Having attended numerous NSF workshops on introductory physics education research and current curriculum improvement, I am active in improving my physics teaching by implementing new techniques that enable students to gain knowledge actively rather than passively. I analyze data obtained from my classes, compare that to national data, and am constantly revising my teaching strategies. My courses are taught in the Overview-Case Study/Conceptual Exercises (OCS/CE) mode, with minimal traditional lecturing taking place. I plan to integrate computers into the physics and astronomy curricula in such a way that lab and lecture lines are completely blurred. In the sense of Priscilla Laws' Workshop Physics curriculum, I hope to make the computers better facilitate the students' discovery of physical laws. In astronomy, it will also enable the class to direct its own search for information on topics of interest, rather than be instructor led. In this way I subscribe strongly to John Holt's philosophy of self-direction as a means to increase the students' sense of ownership of their knowledge - be it astronomy, physics, or any other subject.

Cosmology and Quantum Gravity

My subject area research has been in computer-modeling of simple cosmologies, examining such things as the large-scale symmetries of the universe early in its history, compared to its current state. This work is important in that numerical results can be obtained for geometries that cannot be considered in the standard continuum models. The Regge Calculus approach is used to discretize spacetime and the Hartle-Hawking "No boundary" condition as applied to their quantum mechanical model. Many further questions are still to be asked because of the ability to vary parameters in the model (such as the cosmological constant or type of matter fields).

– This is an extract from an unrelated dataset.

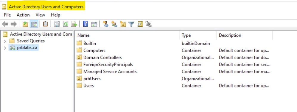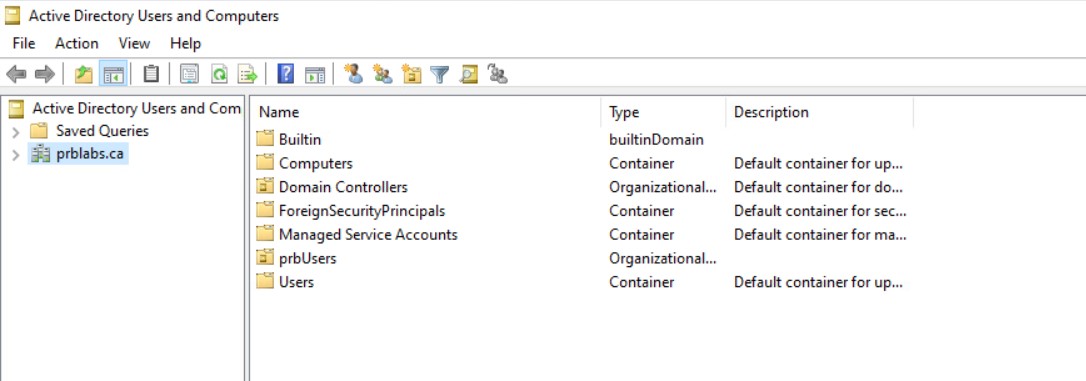 For my organization prblabs.ca, I've already created an Organization Unit called prbUsers and I've created two user accounts. Prb Admin and Prb User 1.

Astronomical Observation and Data Analysis

With a number of telescopes now online, it is possible to request data on objects that have the potential to lead to new astronomical discoveries. Perhaps the most interesting is the discovery of supernovae in distant galaxies by maintaining a survey of perhaps 20 given galaxies. Probabilistically it can be shown that surveying such a number of galaxies over one year is likely to reveal a supernova in one of the galaxies. Another area is variable star photometry. There are numerous known variable stars that have poorly defined light curves, and hence can not be well classified. Again once data is on hand, analysis of that data can lead to important results.